The representation of nested type field
Fields of type nested are not supported in SQL, you can only use the
[nested_field_name]. [sub_field_name]
This form refers to embedded subfields. Examples of use:
SELECT dep.dep_name.keyword FROM test_emp GROUP BY languages
Nested type fields cannot be used on Scalar functions of where and order by
Such as the following SQL are all wrong
SELECT * FROM test_emp WHERE LENGTH (dep.dep_name.keyword) > 5th select * FROM test_emp ORDER BY YEAR (dep.start_date)
Simultaneous query of multiple nested fields is not supported
For example, the nested fields nested_A and nested_B cannot be used together.
Nested inner field paging limit
When a paging query has a nested field, the paging results may be incorrect. This is because paging queries in ES take place on Root nested document, not on its inner fields.
Fields of type keyword do not support normalizer
Fields of array type are not supported
This is because in SQL, a field corresponds to only one value, in which case we can use the API of SQL To DSL described above to convert it into a DSL statement and query it with DSL.
Restrictions on aggregate sorting
The sort field must be a field in the aggregation bucket.
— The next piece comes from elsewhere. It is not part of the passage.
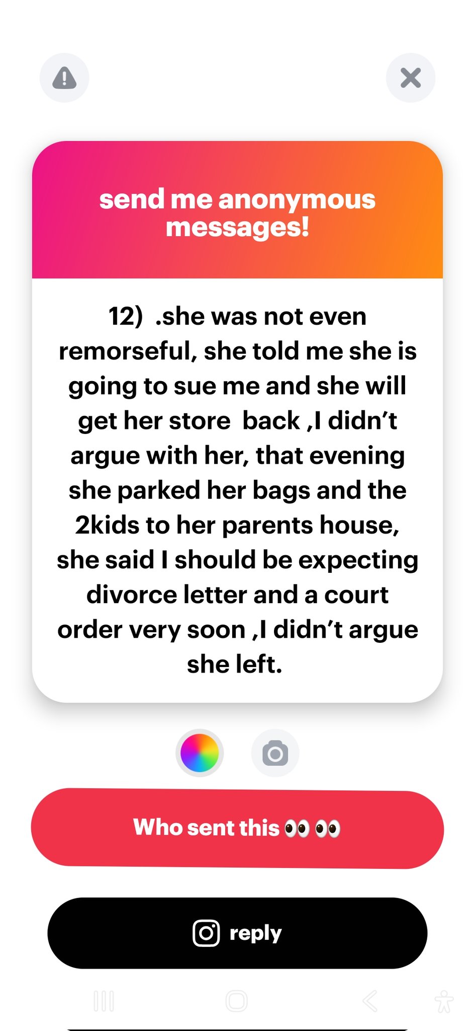 she told me she is going to sue me and she will get her store back ,| didn’t argue with her, that evening she parked her bags and the 2kids to her parents house, she said I should be expecting divorce letter and a court order very soon ,| didn’t argue she left.
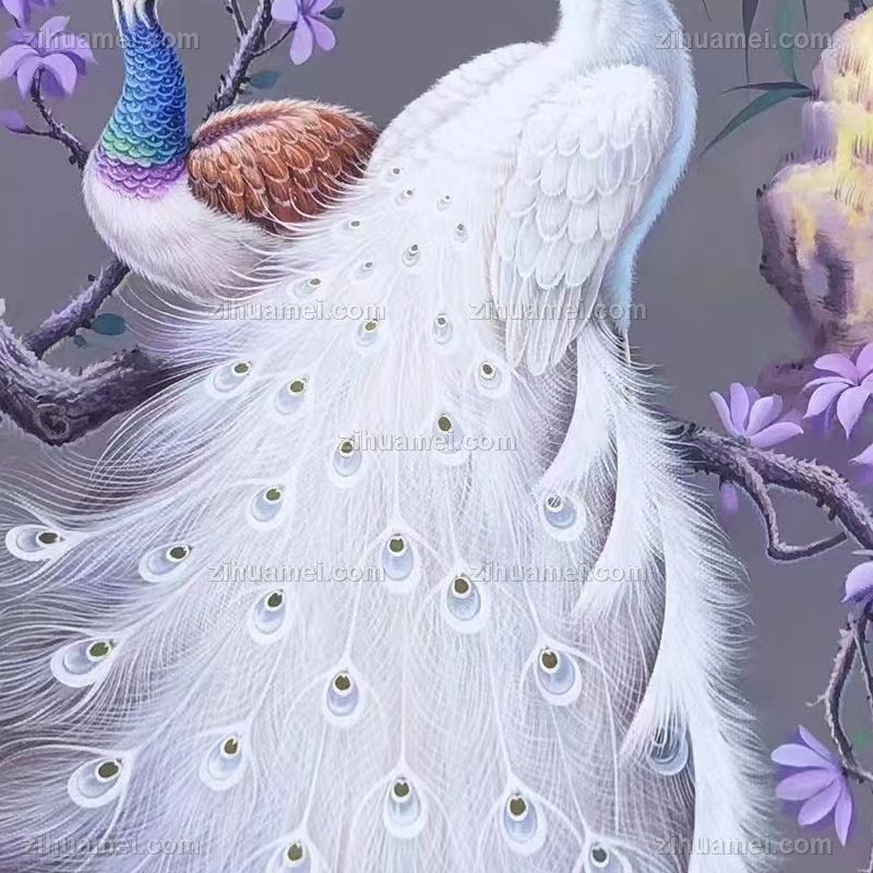 • 纯手绘新中式油画孔雀图白孔雀图孔雀不落无福之地写实油画实木角花框

ES SQL CLI breaks this limit, but the upper limit cannot exceed 512 lines, otherwise an exception will be thrown during the sorting phase. It is recommended to use with Limit clause, such as:
SELECT * FROM test GROUP BY age ORDER BY COUNT (*) LIMIT 100
The sort condition of aggregate sorting does not support Scalar functions or simple operator operations. Complex fields after aggregation (such as containing aggregate functions) cannot also be used in sorting conditions.
The following are examples of errors:
SELECT age, ROUND (AVG (salary)) AS avg FROM test GROUP BY age ORDER BY avg;SELECT age, MAX (salary)-MIN (salary) AS diff FROM test GROUP BY age ORDER BY diff
Restrictions on subqueries
The subquery contains GROUP BY or HAVING or SELECT X FROM (SELECT.) WHERE [simple_condition] this kind of structure is complex, it is possible to execute unsuccessfully.
Fields of TIME data type do not support GROUP BY condition and HISTOGRAM function
Such as the following query is incorrect:
SELECT count (*) FROM test GROUP BY CAST (date_created AS TIME); SELECT HISTOGRAM (CAST (birth_date AS TIME), INTERVAL '10' MINUTES) as h, COUNT (*) FROM t GROUP BY h
However, wrapping fields of type TIME as returned by the Scalar function supports GROUP BY, such as:
SELECT count (*) FROM test GROUP BY MINUTE ((CAST (date_created AS TIME)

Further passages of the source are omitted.